Он приколол к изнанке своих брюк кисть искусственного винограда, целлулоидные ягоды которого были набиты ватой. (Тогдашние модницы носили такие ягоды величиной с ренклод на своих соломенных капорах, которые сгибались под их тяжестью.)

Всякий раз в «Криолле», когда какой-нибудь гомик клал руку на ширинку Стилитано, взволнованный ее величиной, его пальцы с ужасом натыкались на этот предмет, принимая его за гроздь подлинного сокровища, с которой комичным образом свисало слишком много плодов.

Кабак, где собирались «тетушки», назывался «Криолла». Там танцевали парни в платьях, но бывали и женщины. Проститутки приводили сюда своих «котов» и клиентов. Стилитано мог бы заработать кучу денег, если бы не плевал на гомиков. Он презирал их. Нацепив виноградную кисть, он забавлялся их досадой. Эта игра продолжалась несколько дней.

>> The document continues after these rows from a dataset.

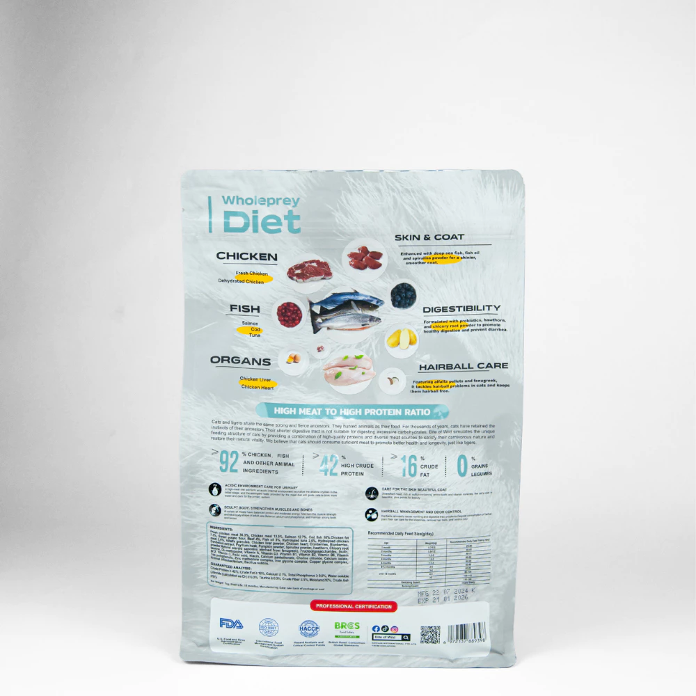 – Hàm lượng thịt cao: 92% thịt gà, các viên Cá Hồi, 42% protein, 1kg thành phần từ thịt động vật
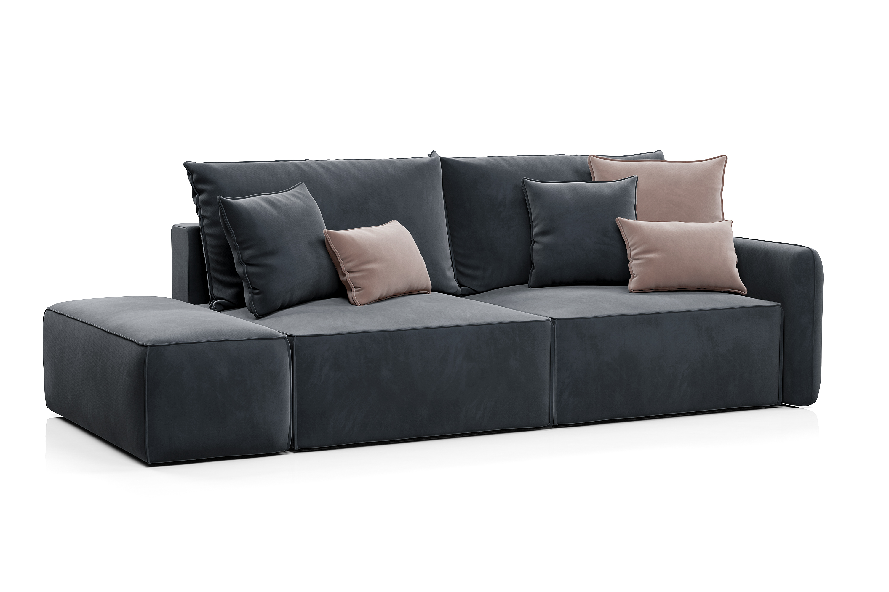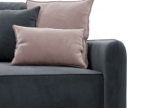 Обивка дивана - мягкий бархатистый премиальный велюр. Тонкая динамика узора обивки создаёт в пространстве ощущение лёгкости и движения. Технология Waterproof делает ткань устойчивой к влаге, и благодаря этому обивка долговечна и проста в уходе.
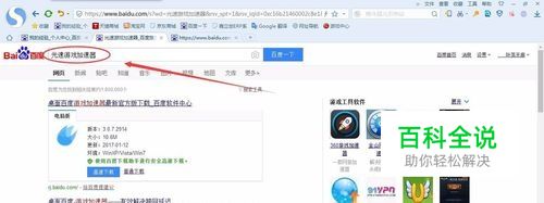 首先打开一个浏览器,打开百度首页,在搜索栏输入“光速游戏加速器”搜索结果
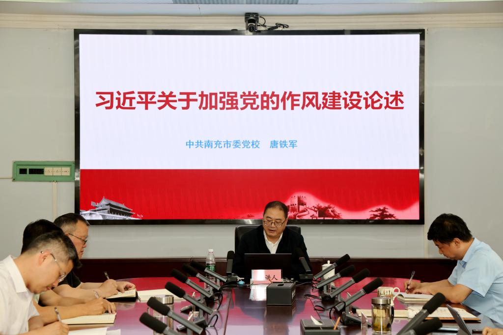 在深入贯彻中央八项规定精神学习教育专题辅导报告会上,中共南充市委党校副校长唐铁军教授应邀到校区作《学习领会习近平总书记关于加强党的作风建设的重要论述》的专题辅导,从“如何看待作风建设、作风建设应聚焦哪些关键、如何有效推进作风建设”三个方面,对新时代加强党的作风建设进行系统阐释,让领导干部对贯彻落实中央八项规定精神,进一步加强党的作风建设有了更全面、更深入的认识和思考。
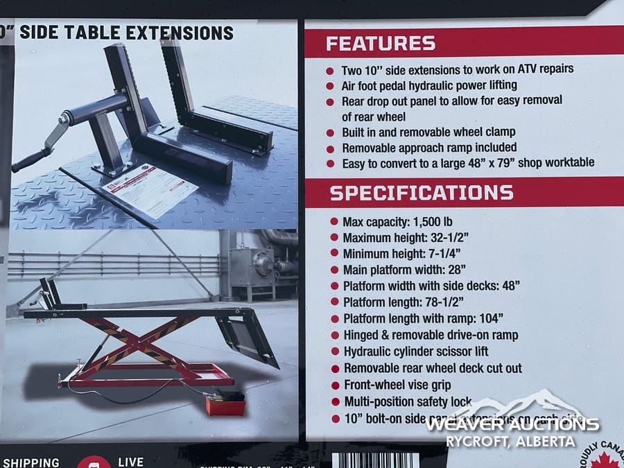 Specifications: *UNUSED, 48 IN. WORK PLATFORM, AIR & FOOT PEDAL OPERATING
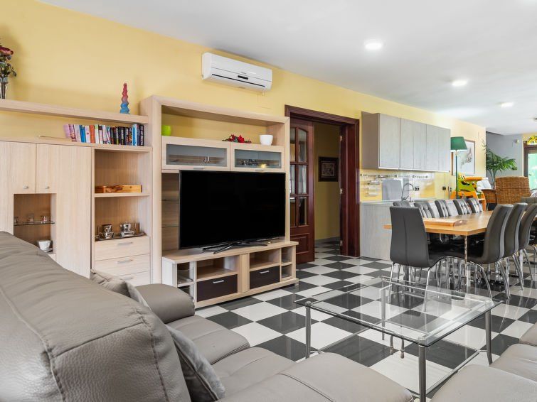 8-room house 300 m2 on 2 levels. Comfortable furnishings: living room with satellite TV, video, radio, CD-player, DVD and air conditioning. Exit to the garden. Living/dining room. Exit to the garden. 1 room with 1 double bed (180 cm, length 190 cm). Open kitchen (dishwasher, 4 ceramic glass hob hotplates, microwave, freezer, grill) with dining table.
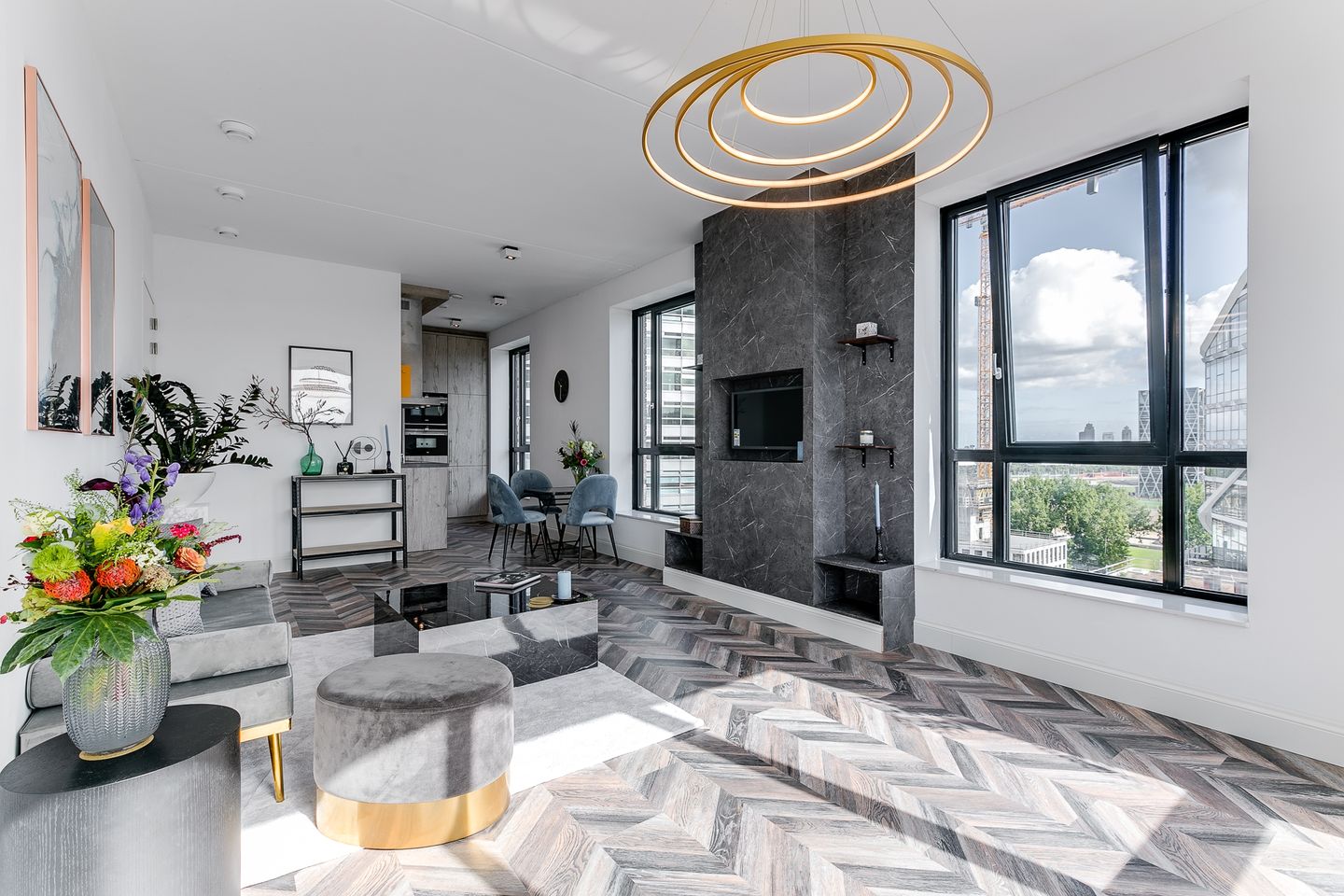 What immediately stands out is the abundance of natural light and the open feel of the apartment. The corner position combined with large windows creates a comfortable living environment where space and privacy are well balanced. The finish is modern and carefully selected, in line with the level this location demands.
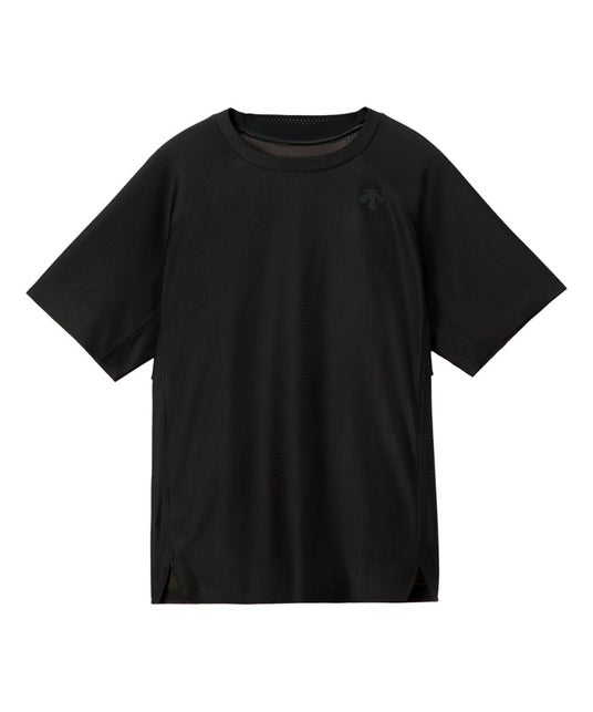 オリジナル素材の「Schematech AERO」ファブリックSchematech AEROファブリックは日本の生地メーカーと共に開発したオリジナル素材です。1枚の生地の中で部位ごとに機能変化をもたせる素材開発技術「Schematech」を活用し、ジャガード織りでメッシュ目の大きさを部位ごとに調整します。さらにデサント独自の発汗データ分析に基づく「スウェットマッピング理論」を用いて最適な部位に生地の通気性を高める工夫を施しています。

Итак, я отцепил гроздь, пришпиленную к его голубым брюкам английской булавкой, но вместо того, чтобы положить ее как обычно со смехом на камин (мы хохотали и острили во время этой процедуры), я не удержался и, не выпуская ее из рук, приложил к своей щеке. Лицо склонившегося надо мной Стилитано перекосилось:

— Брось это! Шлюха!

Я присел на корточки, чтобы расстегнуть ширинку, но ярость Стилитано, в сочетании с моим обычным рвением, заставила меня упасть на колени. Это была поза, в которой я невольно стоял перед ним в глубине души. Я не двигался. Стилитано ударил меня обеими ногами и единственным кулаком. Я мог бы убежать, но не шелохнулся.

Ключ в двери, думал я.

За неистово пинавшими меня ногами я видел ключ в замочной скважине, и мне хотелось повернуть его на два оборота, чтобы оказаться запертым вместе со своим палачом. Я не пытался найти объяснение его гневу, который так не соответствовал вызвавшей его причине, ибо психологические мотивы мало занимали мой разум. Стилитано же с этого дня перестал носить виноградную гроздь.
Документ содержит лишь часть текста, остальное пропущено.